There are several benefits to not relying solely on a pre-generated image. Firstly, enhanced data comprehension, namely non-visual data consumption that relies on auditory, tactile, and textual methods to convey the knowledge of data as data points, not visual graphics. Utilizing alternative communication methods can allow access and interpretation of complex datasets in a new and engaging way. This approach allows for a deeper understanding of the data, in the same way that reading a book cover-to-cover (i.e. the dataset), instead of just the blurb (i.e. a pre-generated external image) gives a fuller understanding of the content.

Secondly, when presenting findings to stakeholders, it can be beneficial for them to understand it not in a mental-visual aspect but as data points, facts, and relationships. This includes verbal descriptions, accessible documents, audio tracks and storytelling (as opposed to story boarding). By doing so, analysts can articulate their insights clearly and persuasively without traditional visual aids or statistical jargon. It can also enable the stakeholders to engage more effectively with the data and can apply their own domain knowledge, further helping the project being undertaken.

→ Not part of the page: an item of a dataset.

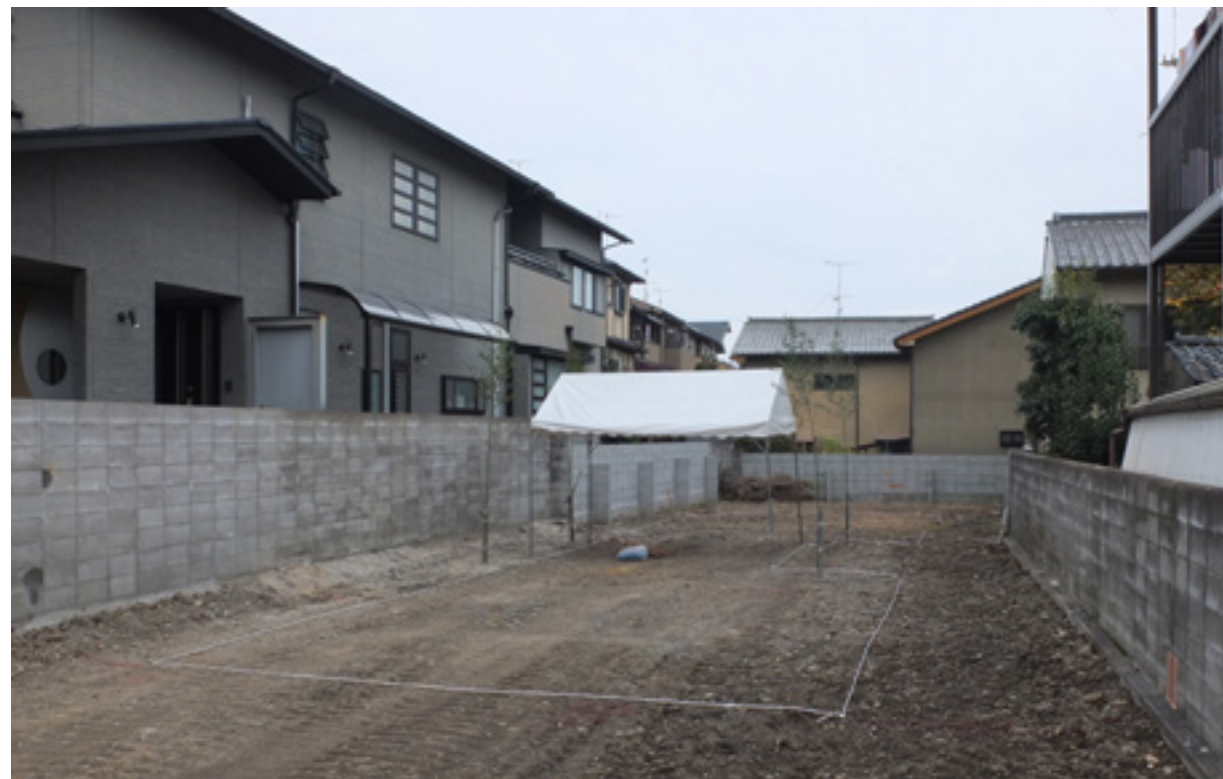
35°01'42.6"N 135°43'06.3"E Kyoto

Thirdly, for those BAs with sight loss, the advancement in technology means that they can process data more effectively with Screen Reader software and tactile graphics, building a graph in the mind. Much in the same way that following instructions on Google Maps and actually walking the route, are two very different experiences. These tools can provide real-time feedback and enable analysts to explore data, scenarios, and outliers effectively, all while maintaining the focus on the data itself, instead of interpretations of data.

Fourthly, a further benefit of non-visual communication is increased collaboration and teamwork. Non-visual communication allows analysts to work seamlessly with both sighted and colleagues with sight loss, to share their findings, develop requirements, and craft compelling data narratives, centred on the concept or data’s intrinsic qualities.

Further to these benefits, non-visual communication can encourages innovative problem-solving techniques, because it does not funnel people into thinking visually, it does not bias them towards any particulars, by predisposing them to the stimuli of a pre-generated image. Analysts with Sight loss can apply their unique perspectives to explore different approaches and scenarios, contributing valuable insights to the analysis process without relying on visual cues.

In conclusion, within the realm of business analysis, non-visual processing is crucial for individuals who have sight loss to equally participate, but it can also present business-wide benefits. Embracing non-visual approaches empowers all staff members of an organisation to excel in their roles, offering enhanced data comprehension, alternative communication, and adaptive problem-solving techniques that focus on the data itself, not a pre-defined notion. As we strive for inclusivity and diversity in the workforce, it is essential that the business analysis field acknowledges the value of non-visual processing and provides the necessary support and resources for Analysts with Sight Loss to thrive.

In doing so, we ensure that all individuals, regardless of their Sight capability, have an equal opportunity to contribute their skills and insights to this dynamic field, with the primary focus on processing as the valuable core of their analysis.